PhenixFIN's debt-to-equity ratio stands at 0.85, with total debt of $135.7 million and total equity of $160.3 million. The company had $67.6 million in cash and cash equivalents as of September 30, 2024. The revolving credit facility was amended in February 2024 to increase the size to $62.5 million, and then again in August 2024 to increase it to $87.5 million. As of December 31, 2024, the company had $84 million outstanding on this $87.5 million facility.
The company's current ratio and quick ratio are both 1187.9, indicating strong short-term liquidity.
Investment Portfolio Performance
As of December 31, 2024, 90.6% of the portfolio (by fair value) was rated as a '2' on the company's internal rating scale, indicating that the investments were performing within expectations with neutral or favorable risks compared to the time of origination. The remaining 9.4% of the portfolio was rated as a '3' or below, indicating underperformance or increased risk.
Navigating Market Challenges
PhenixFIN's portfolio and financial performance have been impacted by various market events in recent years. The COVID-19 pandemic and the Russian invasion of Ukraine in 2022 both caused significant market volatility and disruptions, which affected the operations and valuations of some of the company's portfolio companies.
However, PhenixFIN has demonstrated resilience in navigating these challenges. The company's diversified investment portfolio, conservative leverage profile, and disciplined underwriting approach have helped mitigate the impact of market disruptions. Additionally, PhenixFIN's internalized management structure has provided the flexibility to quickly adapt to changing market conditions and implement strategic initiatives.

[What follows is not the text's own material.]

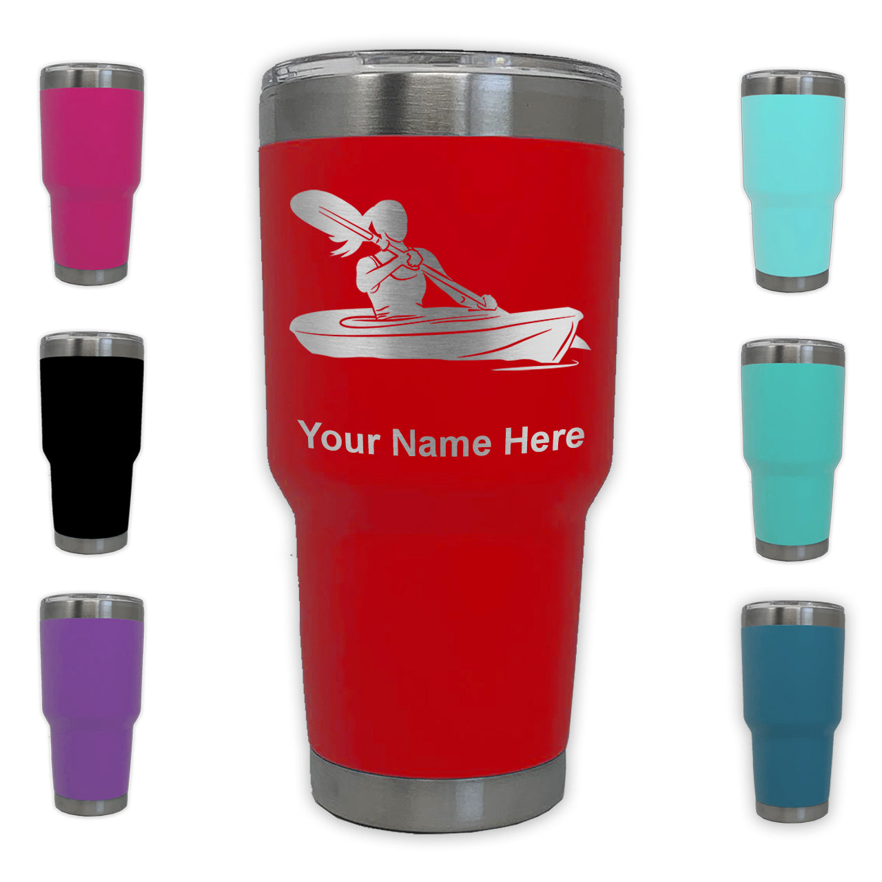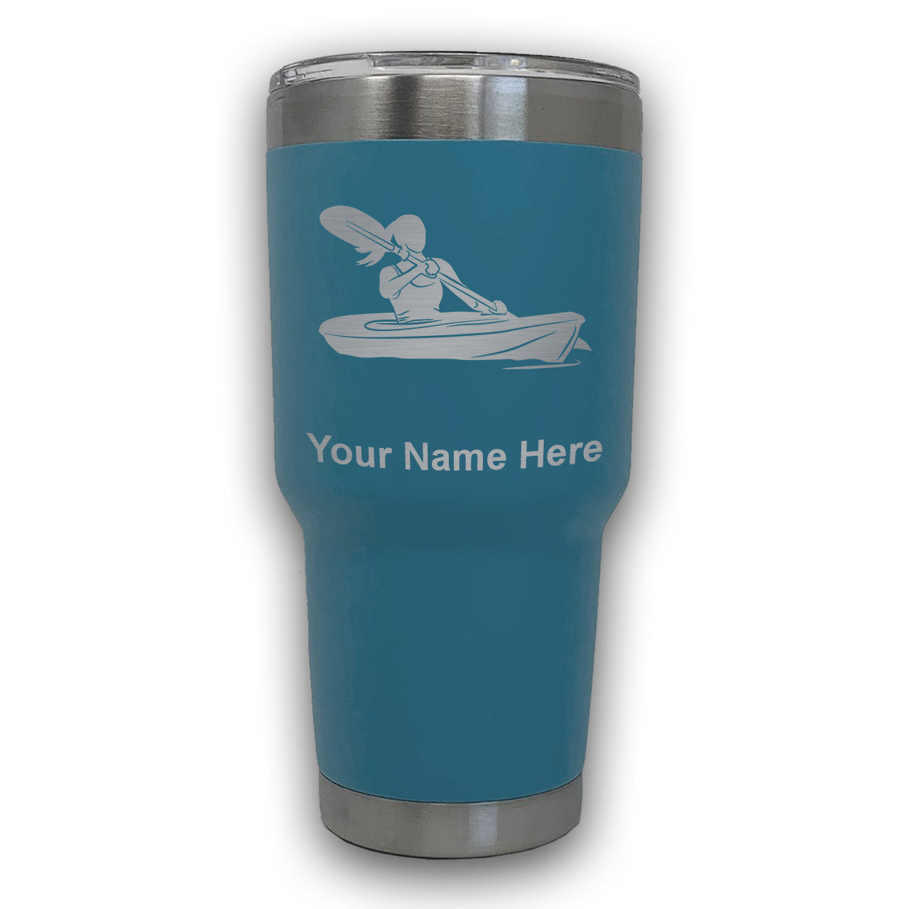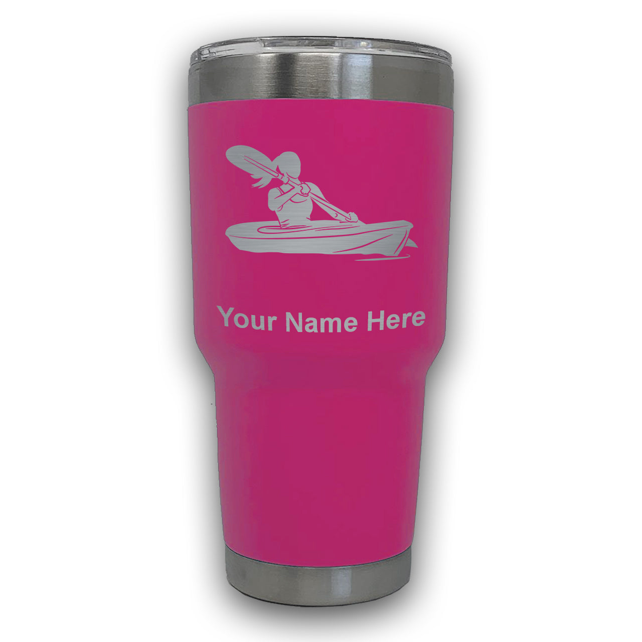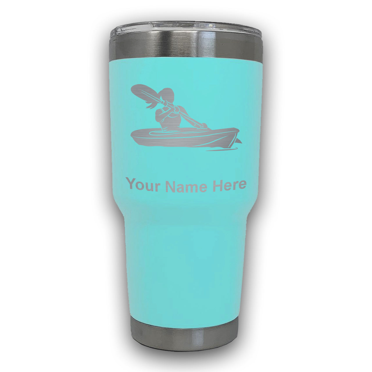 LaserGram 30oz Tumbler Mug, Kayak Woman, Personalized Engraving Included
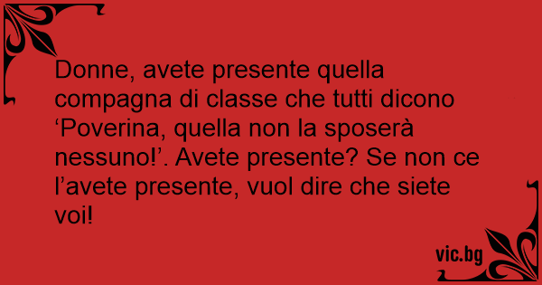 Donne, avete presente quella compagna di classe che tutti dicono ‘Poverina, quella non la sposerà nessuno!’. Avete presente? Se non ce l’avete presente, vuol dire che siete voi!

One such initiative was the company's acquisition of approximately 80% of the equity of The National Security Group, Inc. (NSG), an Alabama-based insurance holding company, in October 2024. This transaction diversified PhenixFIN's business model and provided exposure to the insurance industry, which has historically exhibited less correlation to broader market movements.
Risks and Outlook
As a BDC, PhenixFIN is subject to various risks, including market, credit, and regulatory risks. The company's investments in lower-rated and unrated debt securities expose it to higher levels of credit risk, and changes in interest rates could impact the cost of the company's borrowings and the yields on its investments.
Furthermore, as a RIC (regulated investment company) under the Internal Revenue Code, PhenixFIN must meet certain distribution requirements to maintain its tax status, which could limit its ability to retain earnings for growth and investment.
Despite these risks, PhenixFIN's management team remains cautiously optimistic about the company's outlook. The recent expansion of its credit facility to $87.5 million, completed in August 2024, has provided additional financial flexibility to pursue new investment opportunities and support its portfolio companies as needed.
Additionally, the integration of NSG into PhenixFIN's operations is expected to enhance the company's diversification and risk profile, potentially opening up new avenues for growth and value creation. The company's management has expressed confidence in its ability to navigate the current market environment and continue delivering value to its shareholders.
Conclusion
PhenixFIN Corporation has established itself as a well-diversified BDC with a proven track record of navigating market challenges. Its internalized management structure, conservative leverage profile, and strategic initiatives, such as the acquisition of NSG, have positioned the company to capitalize on future opportunities while mitigating risks. As PhenixFIN continues to execute its investment strategy and explore new avenues for growth, it remains a compelling investment proposition for investors seeking exposure to the middle-market lending space.